Referring to FIG. 2, a sentence collection 104 as one example acquired from the document DB 102 is shown. The sentence collection 104 has e.g. a first sentence S01 and a second sentence S02. The data acquirer 110 first recognizes such individual sentences included in the sentence collection 104 and specifies sentences in each of which two or more proper nouns appear among the recognized sentences. The discrimination of the proper nouns can be carried out by using e.g. a publicly-known named entity extraction technique. For example, the first sentence S01 in FIG. 2 includes two proper nouns, “Jackson 5” and “CBS Records.” The second sentence S02 includes two proper nouns, “Jackson” and “Off the Wall.” Next, the data acquirer 110 performs syntax analysis about each of the specified sentences and derives syntax trees. Subsequently, the data acquirer 110 acquires phrases each linking the pair of two proper nouns in the derived syntax trees. In the example of FIG. 2, the phrase linking “Jackson 5” and “CBS Records” in the first sentence S01 is “signed a new contract with.” The phrase linking “Jackson” and “Off the Wall” in the second sentence S02 is “produced.” In the present specification, the set of such one pair of words and the phrase corresponding to this one pair is referred to as the relation.

FIG. 3 shows one example of the syntax tree derived by the data acquirer 110. In the example of FIG. 3, the data acquirer 110 analyzes the syntax of a third sentence S03 to thereby derive a syntax tree T03. The syntax tree T03 has the shortest path, “signed to,” between two proper nouns, “Alice Cooper” and “MCA Records.” The adverb, “subsequently,” is out of the shortest path between two proper nouns.
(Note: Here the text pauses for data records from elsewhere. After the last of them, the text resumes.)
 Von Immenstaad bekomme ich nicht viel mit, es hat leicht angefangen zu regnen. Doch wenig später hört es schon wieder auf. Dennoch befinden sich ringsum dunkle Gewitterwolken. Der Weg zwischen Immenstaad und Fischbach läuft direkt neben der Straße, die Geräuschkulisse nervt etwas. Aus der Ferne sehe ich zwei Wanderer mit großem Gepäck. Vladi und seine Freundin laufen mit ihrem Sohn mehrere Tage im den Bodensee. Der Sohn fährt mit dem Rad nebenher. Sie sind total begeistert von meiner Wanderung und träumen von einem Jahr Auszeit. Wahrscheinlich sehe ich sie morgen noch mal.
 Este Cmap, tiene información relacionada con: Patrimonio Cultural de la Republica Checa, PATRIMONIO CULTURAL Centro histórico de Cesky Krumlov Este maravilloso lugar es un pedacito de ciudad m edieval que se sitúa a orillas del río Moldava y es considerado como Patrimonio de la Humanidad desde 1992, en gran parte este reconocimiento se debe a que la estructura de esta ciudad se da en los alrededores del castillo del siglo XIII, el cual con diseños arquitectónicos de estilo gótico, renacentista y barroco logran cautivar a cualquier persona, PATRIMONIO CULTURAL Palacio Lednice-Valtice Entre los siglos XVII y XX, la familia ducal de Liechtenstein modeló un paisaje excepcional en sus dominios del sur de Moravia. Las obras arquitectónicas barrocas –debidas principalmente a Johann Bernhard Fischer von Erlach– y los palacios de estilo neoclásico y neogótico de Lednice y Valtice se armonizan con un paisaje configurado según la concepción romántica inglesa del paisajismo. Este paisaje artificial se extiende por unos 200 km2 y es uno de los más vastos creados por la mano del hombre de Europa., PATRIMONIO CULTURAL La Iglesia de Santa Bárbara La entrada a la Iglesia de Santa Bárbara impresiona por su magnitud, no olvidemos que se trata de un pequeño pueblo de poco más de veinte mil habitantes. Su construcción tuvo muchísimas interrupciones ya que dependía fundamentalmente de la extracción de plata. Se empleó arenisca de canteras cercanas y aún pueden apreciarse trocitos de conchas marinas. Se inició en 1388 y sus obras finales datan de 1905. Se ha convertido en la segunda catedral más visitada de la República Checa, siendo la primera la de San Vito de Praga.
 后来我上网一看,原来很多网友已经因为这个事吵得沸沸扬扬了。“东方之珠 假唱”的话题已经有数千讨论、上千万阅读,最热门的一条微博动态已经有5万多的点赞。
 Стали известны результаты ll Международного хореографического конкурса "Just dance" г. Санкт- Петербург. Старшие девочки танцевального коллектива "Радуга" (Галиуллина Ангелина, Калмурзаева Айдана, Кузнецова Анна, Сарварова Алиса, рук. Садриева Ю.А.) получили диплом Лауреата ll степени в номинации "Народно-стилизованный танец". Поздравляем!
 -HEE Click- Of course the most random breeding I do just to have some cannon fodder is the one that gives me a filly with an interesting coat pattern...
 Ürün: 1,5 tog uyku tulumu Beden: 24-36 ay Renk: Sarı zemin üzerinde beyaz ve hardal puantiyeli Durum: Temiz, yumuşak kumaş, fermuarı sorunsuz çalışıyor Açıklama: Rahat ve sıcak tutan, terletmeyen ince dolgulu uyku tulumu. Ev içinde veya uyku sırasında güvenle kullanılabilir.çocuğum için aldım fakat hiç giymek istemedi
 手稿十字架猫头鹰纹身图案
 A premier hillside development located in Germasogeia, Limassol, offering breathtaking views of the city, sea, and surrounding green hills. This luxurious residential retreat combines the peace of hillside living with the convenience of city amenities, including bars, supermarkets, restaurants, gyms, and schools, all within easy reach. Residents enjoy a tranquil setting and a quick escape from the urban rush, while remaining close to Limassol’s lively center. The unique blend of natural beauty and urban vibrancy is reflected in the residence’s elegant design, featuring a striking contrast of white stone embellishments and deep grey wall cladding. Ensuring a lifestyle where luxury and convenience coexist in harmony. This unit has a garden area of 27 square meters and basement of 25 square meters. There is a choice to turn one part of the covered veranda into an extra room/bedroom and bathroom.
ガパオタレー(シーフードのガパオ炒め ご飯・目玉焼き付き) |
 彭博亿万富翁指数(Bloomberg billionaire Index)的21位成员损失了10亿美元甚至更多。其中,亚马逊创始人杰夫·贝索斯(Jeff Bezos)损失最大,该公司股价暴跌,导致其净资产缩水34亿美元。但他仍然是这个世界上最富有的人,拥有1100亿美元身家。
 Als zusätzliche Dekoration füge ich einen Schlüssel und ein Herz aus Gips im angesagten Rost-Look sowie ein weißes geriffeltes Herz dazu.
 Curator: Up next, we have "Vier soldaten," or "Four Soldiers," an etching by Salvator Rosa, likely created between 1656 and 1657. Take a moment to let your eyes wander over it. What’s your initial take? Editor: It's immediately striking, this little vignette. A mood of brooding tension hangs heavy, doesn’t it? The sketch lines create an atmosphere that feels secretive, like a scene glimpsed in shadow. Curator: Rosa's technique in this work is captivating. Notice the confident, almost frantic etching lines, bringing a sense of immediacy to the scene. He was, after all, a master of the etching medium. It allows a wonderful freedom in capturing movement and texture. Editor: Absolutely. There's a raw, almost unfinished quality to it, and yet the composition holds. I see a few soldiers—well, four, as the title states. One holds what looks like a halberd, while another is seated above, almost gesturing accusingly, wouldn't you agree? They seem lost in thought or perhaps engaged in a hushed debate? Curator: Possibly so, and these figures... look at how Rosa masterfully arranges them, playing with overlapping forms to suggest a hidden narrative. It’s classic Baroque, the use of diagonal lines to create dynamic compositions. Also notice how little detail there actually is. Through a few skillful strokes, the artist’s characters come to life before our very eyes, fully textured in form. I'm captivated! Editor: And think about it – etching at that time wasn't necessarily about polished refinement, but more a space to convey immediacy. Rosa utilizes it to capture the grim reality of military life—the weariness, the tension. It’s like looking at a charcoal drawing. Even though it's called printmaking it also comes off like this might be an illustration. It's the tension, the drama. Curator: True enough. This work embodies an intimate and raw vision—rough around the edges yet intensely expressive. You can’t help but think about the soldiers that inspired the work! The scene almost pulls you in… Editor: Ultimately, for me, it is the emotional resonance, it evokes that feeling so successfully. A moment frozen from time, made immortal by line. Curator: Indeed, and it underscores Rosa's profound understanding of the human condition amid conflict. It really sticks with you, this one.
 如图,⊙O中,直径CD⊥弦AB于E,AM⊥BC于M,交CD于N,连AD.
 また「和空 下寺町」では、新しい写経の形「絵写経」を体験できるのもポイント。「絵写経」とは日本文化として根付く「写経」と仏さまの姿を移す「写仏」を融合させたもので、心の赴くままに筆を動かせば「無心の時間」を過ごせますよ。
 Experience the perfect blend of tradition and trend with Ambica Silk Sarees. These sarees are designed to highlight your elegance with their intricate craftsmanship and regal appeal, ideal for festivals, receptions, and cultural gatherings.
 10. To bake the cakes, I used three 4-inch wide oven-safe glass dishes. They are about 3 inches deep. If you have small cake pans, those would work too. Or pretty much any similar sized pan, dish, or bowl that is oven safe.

The data acquirer 110 may extract a word pair satisfying a predetermined extraction condition based on the result of such syntax analysis and may acquire a phrase about only this extracted pair. The predetermined extraction condition may be e.g. the following conditions E1 to E3.

condition E1: a node equivalent to a sentence delimiter does not exist on the shortest path between proper nouns.

condition E2: the length of the shortest path between proper nouns is equal to or shorter than three nodes.

condition E3: the number of words between proper nouns in the sentence collection is equal to or smaller than 10.

The sentence delimiter in condition E1 is e.g. a relative pronoun and a comma. These extraction conditions prevent the data acquirer 110 from erroneously acquiring a string that is not suitable as the phrase representing the relation between two proper nouns.

The phrase extraction from the sentence collection may be carried out in advance in an external device outside the information processing device 100. In this case, the data acquirer 110 acquires the phrases extracted in advance and the sentence collection as the extraction source from the external device at the start of information processing by the information processing device 100.

The data acquirer 110 outputs relation data 112 including the plural phrases acquired in this manner to the phrase feature decider 120. Furthermore, the data acquirer 110 outputs the sentence collection used as the basis of the phrase acquisition to the collection feature decider 130.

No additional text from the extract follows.